My address IS valid, Facebook!
If you happened to have seen my previous post, Blocking spammers with Postfix alone, you saw that I use SpamCop for one of my RBLs. It’s worked great for years. My whole setup has worked great for over a year now with very minimal changes. Imagine my confusion when Facebook told me to that my email address was detected as no longer valid.
So I dug in my mail server’s logs and found that SpamCop had listed some of the Facebook mail servers on their DNS Blacklist.
Example from today:
May 4 18:49:14 sh-srv2 postfix/smtpd[28197]: NOQUEUE: reject: RCPT from outmail006.snc1.tfbnw.net[69.63.178.165]: 554 5.7.1 Service unavailable; Client host [69.63.178.165] blocked using bl.spamcop.net; Blocked - see http://www.spamcop.net/bl.shtml?69.63.178.165; from=<notification+mu_miidm@facebookmail.com> to=<daniel@*don't spam me*> proto=ESMTP helo=<mx-out.facebook.com>
As you can see, Postfix did what it was supposed to do according to my configuration. The problem is, apparently, Facebook doesn’t check the actual server responses and assumes that if a message is undeliverable for any reason, the address is no longer valid. Over the past month, I’ve had 101 messages from Facebook mail servers blocked based on the listing from SpamCop. I can’t tell you how many times I’ve had to click the “reconfirm your current email” link to get the message to go away.
As most experienced Postfix admins know, you can always manipulate Postfix’s access control mechanisms just about any way you can imagine. If you’re an experienced Postfix admin, you can probably move along since you probably already know what I’m going to explain from here.
I don’t know why, but today was the final straw. Once again, SpamCop had listed one of the Facebook mail relays and a message had been rejected. While I had tolerated reconfirming my address before, today I decided that this could be fixed and I was going to share it with the world.
In looking at the server names for all of the blocked Facebook servers, they had a standard naming convention of outmail###.snc1.tfbnw.net. Obviously, tfbnw.net stands for The Facebook Network. My guess is that snc1 is an identifier for datacenter or something along those lines. I figured that it would be safe enough to whitelist all subdomains of tfbnw.net.
First, I created a new file I called /etc/postfix/rbl_whitelist, which contains the following lines:
# Facebook
/.*.tfbnw.net/ OK
In the first field, I have a regular expression, /.*.tfbnw.net, which should match anything sent from tfbnw.net domain and any subdomain. The second field specifies what action Postfix should take when it encounters that pattern. Easy enough. Since I’m using a regexp type table, there’s no need to use postmap.
Next, I had to tell Postfix that it needed to use this file to check for “client” access, or remote servers sending mail destined for my server. Since Postfix evaluates smtpd_client_restrictions in order they are defined, I simply needed to drop check_client_access hash:/etc/postfix/wl_servers in before my other restrictions. This made my smtpd_recipient_restrictions look like this:
smtpd_client_restrictions =
permit_mynetworks,
permit_sasl_authenticated,
check_client_access regexp:/etc/postfix/rbl_whitelist,
reject_unauth_pipelining,
reject_rbl_client bl.spamcop.net,
reject_rbl_client zen.spamhaus.org,
permit
This causes Postfix to catch any thing sent from a Facebook mail relay and accept it before any DNSBL checks are done. Problem solved.

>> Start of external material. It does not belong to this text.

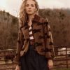 The Pasture Jacket. is ready for outdoor adventures. The cozy and relaxed zip-up jacket is crafted from the softest plush fabric and tells the story of wild horses running across a meadow. Distinguishing characteristics include a charming shirttail hemline, contrast stretch binding around the edges, a fluffy plush collar, billowy sleeves, and welt pockets in an earthy brown that pairs with literally everything in your closet.

Updated 20 May 2010: I realized that having the check_client_access in the smtpd_recipient_restrictions was not giving the desired results. The check_client_access was being ignored since it was really in the wrong spot. Once I realized that, I also figured out that the reject_rbl_client directives could be moved under smtpd_client_restrictions as well.
Updated 29 May 2010: I got prompted again to confirm my address. I checked if the inbound hostnames were actually matching on the hash table I was previously using, but it was not, so I moved it to a regexp table instead. I couldn’t figure out why the hash wasn’t working as was expected. Perhaps due to the multiple levels of subdomains off of tfbnw.net, but the regexp works fine.